Beyond the Pink Tide by Macarena Gomez-Barris

Beyond the Pink Tide by Macarena Gomez-Barris

Author:Macarena Gomez-Barris
Language: eng
Format: epub
ISBN: 9780520296664
Publisher: University of California Press


GORE CAPITALISM

Hemispheric trans-feminist critique can show us how gendered and sexed bodies differently experience the political economy of drug and social wars throughout Mexico and Central America. In the shadow of the border, Brown women and children have disproportionately suffered the consequences of military capitalism’s intensification.7 As Mexicans, Haitians, Salvadorans, Nicaraguans, and Hondurans, in addition to those at the receiving end of the so-called Muslim ban, have all too directly experienced, brute state power exerts itself by defining the boundaries of legality, citizenship, and access to inclusion.8

In this brutal border context, the work of the Tijuana-based trans-feminist scholar Sayak Valencia’s work expands on Achille Membe’s concept of necropolitics, which refers to the sovereign power of the state to dictate who may live and who may die. For Membe, state power is organized to “exercise control over mortality and to define life as the deployment and manifestation of power.”9 Along the US-Mexico border transmigrants, maquila workers, and those caught within the transits and crossfire of drug wars very much live in the shadow of the state’s necropolitical and sovereign power. The life and death transits of migrant populations along the border intensifies state power through the rationale of US military presence that totalizes domination over human life as a form of social control.
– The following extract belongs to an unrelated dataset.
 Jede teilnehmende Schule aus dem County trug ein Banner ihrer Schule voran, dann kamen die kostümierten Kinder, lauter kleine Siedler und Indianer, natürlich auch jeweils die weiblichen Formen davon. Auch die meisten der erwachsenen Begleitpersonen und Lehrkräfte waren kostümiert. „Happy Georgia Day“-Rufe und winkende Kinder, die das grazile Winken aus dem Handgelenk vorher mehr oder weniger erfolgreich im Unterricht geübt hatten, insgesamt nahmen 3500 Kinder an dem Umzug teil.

Extending Membe’s theory, Sayek Valencia’s work on capitalismo gore describes the gendered and violent experience of frontier capitalism. Gore or slasher capitalism, depending on how you translate it, addresses state and extralegal power where particular bodies such as migrants, sex workers, and maquila workers are disposed of by a capitalist machine that extracts value by exploiting their labor. The term names how capitalism produces violence as surplus in its most extreme form, including kidnapping, the human organ exchange, torture, and assassination, within and outside the new drug economies.10

In particular, transmigrants, poor women, sex workers, children, and maquila workers populate the “free trade” zone between the United States and Mexico as the human and gendered debris of the global economy with rising rates of feminicide (murder of women) and transmigrant deaths across the border. Valencia carefully attends to how security rhetoric and state practices organize hierarchies of death through a machine of violent masculinity. As racial capitalism builds ever more borders and walls, it fortifies masculine state impunity; it also intensifies social and economic divisions in the border region.
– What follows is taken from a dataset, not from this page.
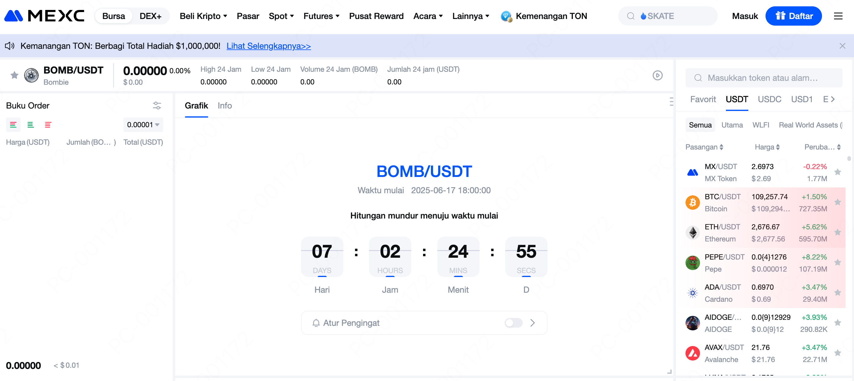 2) Pada bilah pencarian, masukkan BOMB, lalu pilih trading Spot atau Futures.

Valencia’s work makes new claims about old problems based on her awareness of the long history of trans-feminist debate and on her scholarly analysis of the border frontier. In addition to building on Membe’s concept of the necropolitical, she engages the Chicana theorist and poet Gloria Anzaldúa’s poignant and classic book, Borderlands/La Frontera, describing how the binary gender formation within the border region comes from the overlapping processes of Spanish colonialism, Mexican nation-state building, and US imperialism.11 Whereas the 1848 Treaty of Guadalupe Hidalgo annexing the northern third of Mexico’s territory could be described as a single historical event, Anzaldúa instead refers to the lasting legacies of US expansionism that persist as an “open wound.